Task prompt -> Restate word for word the lines below from the one that has "KANS Смягчающая сыворотка" through the one that has "罗田县匡河镇党委书记马子飞以", keeping both and dropping all pictures.

Records for the exercise ->
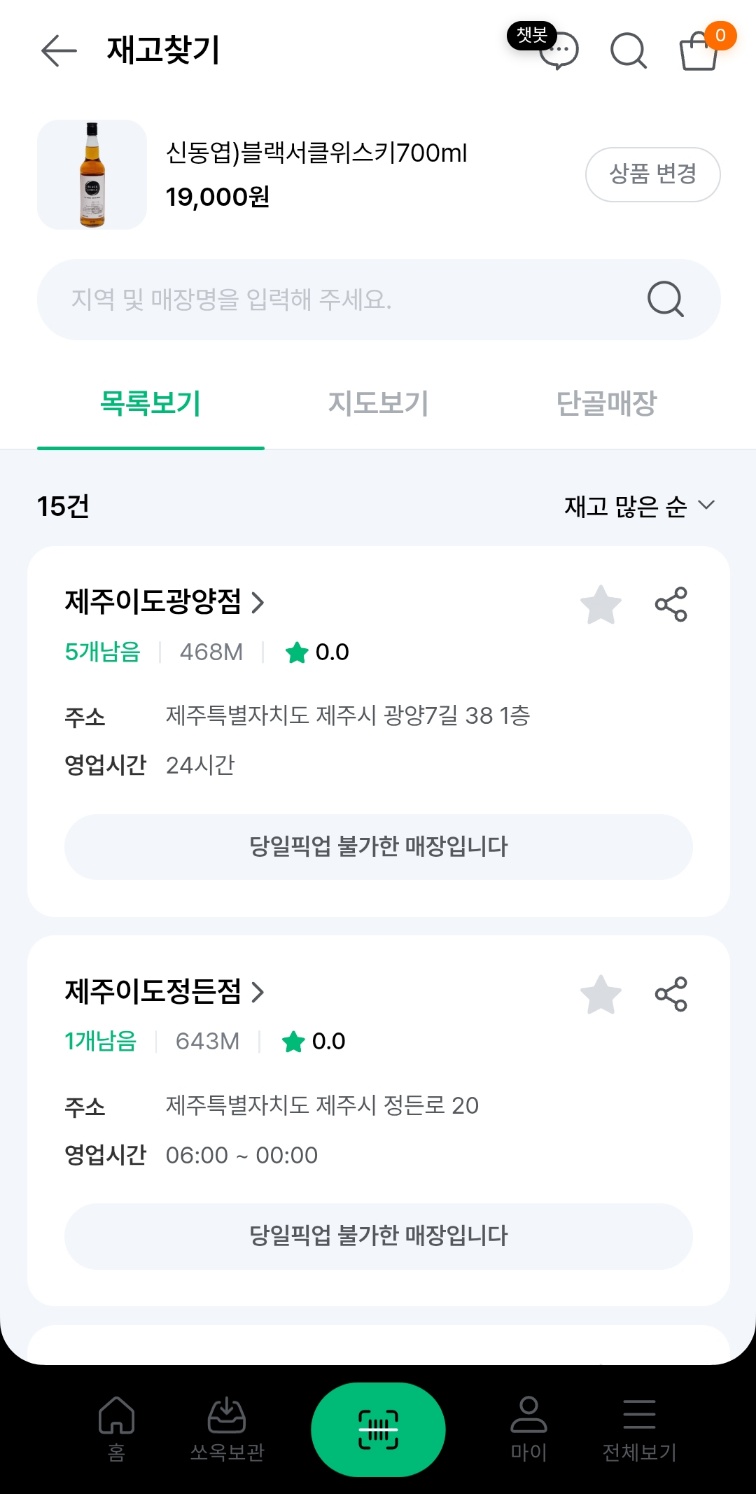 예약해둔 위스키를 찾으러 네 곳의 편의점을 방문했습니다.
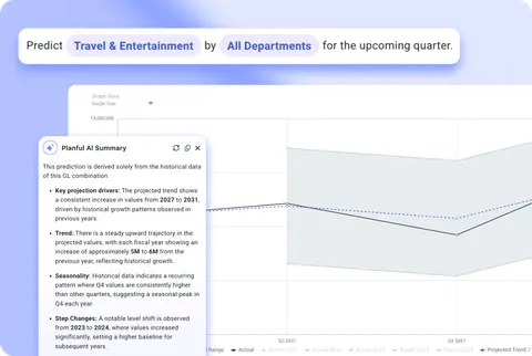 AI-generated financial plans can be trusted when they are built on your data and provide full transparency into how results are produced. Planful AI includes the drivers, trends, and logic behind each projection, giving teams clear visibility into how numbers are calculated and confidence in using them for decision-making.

---

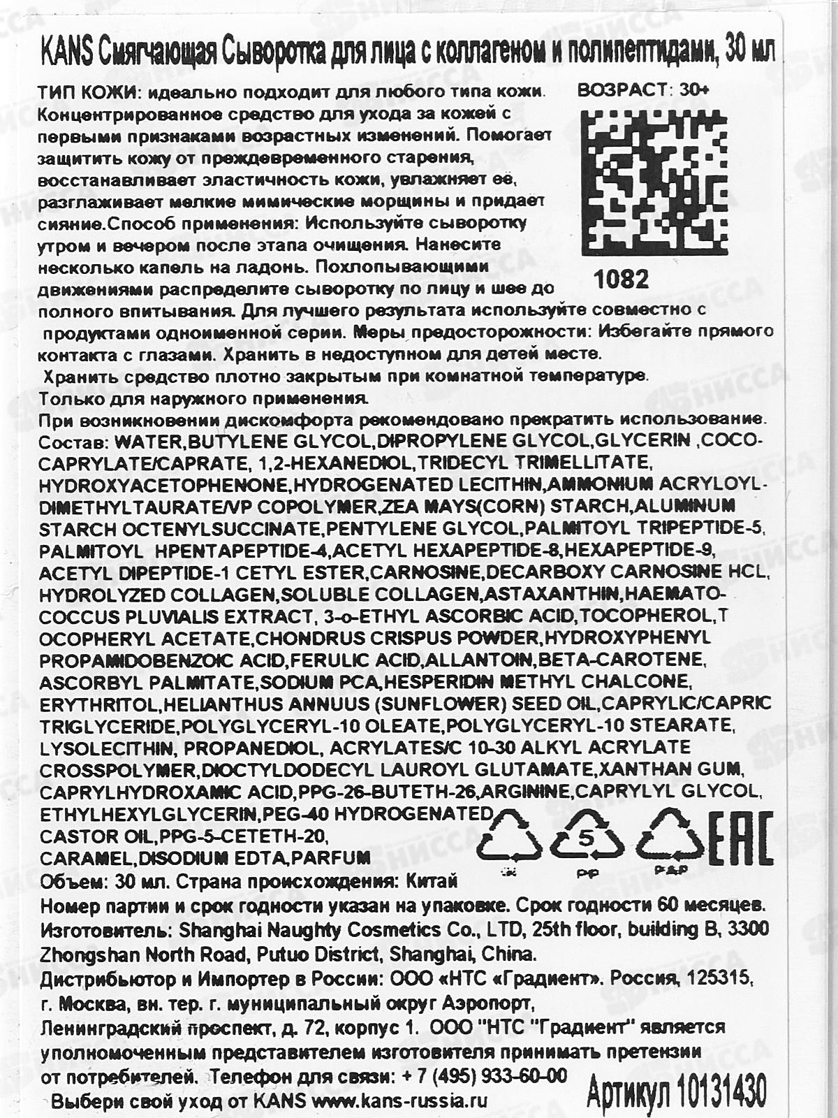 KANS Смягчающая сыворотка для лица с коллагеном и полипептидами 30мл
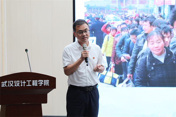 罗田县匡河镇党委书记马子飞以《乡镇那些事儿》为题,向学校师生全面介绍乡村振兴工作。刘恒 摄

==

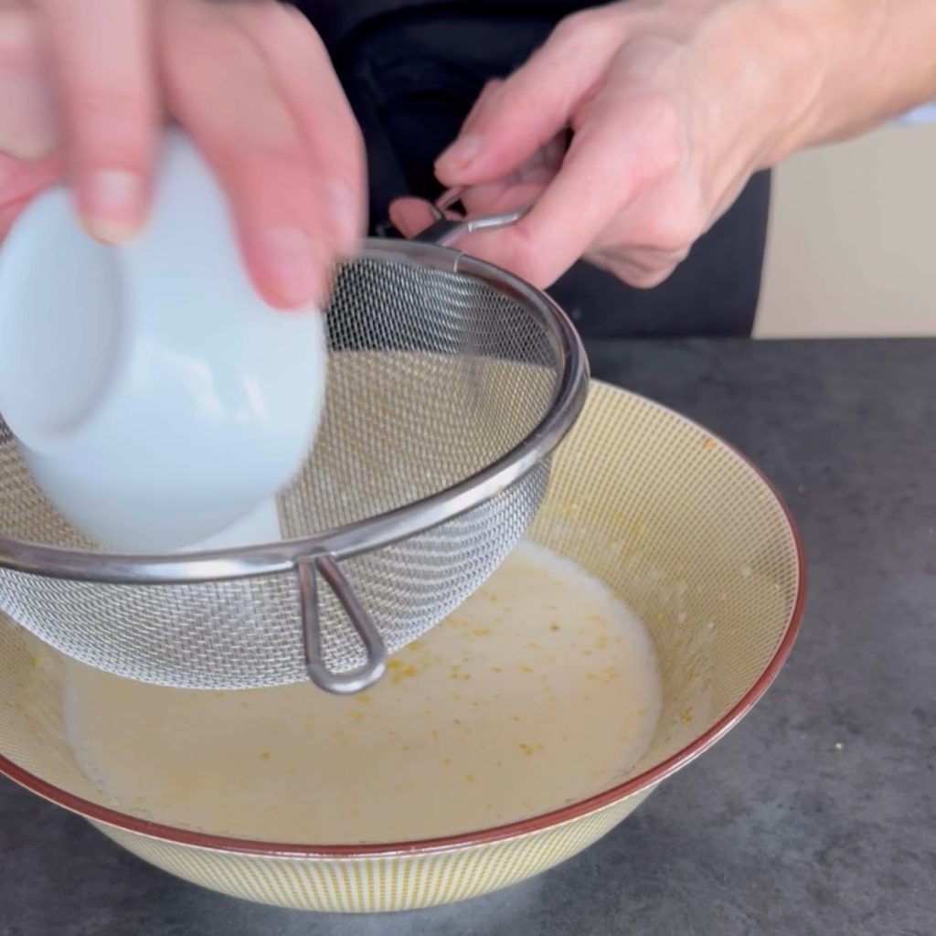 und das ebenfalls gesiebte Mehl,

Task result ->
 KANS Смягчающая сыворотка для лица с коллагеном и полипептидами 30мл
 罗田县匡河镇党委书记马子飞以《乡镇那些事儿》为题,向学校师生全面介绍乡村振兴工作。刘恒 摄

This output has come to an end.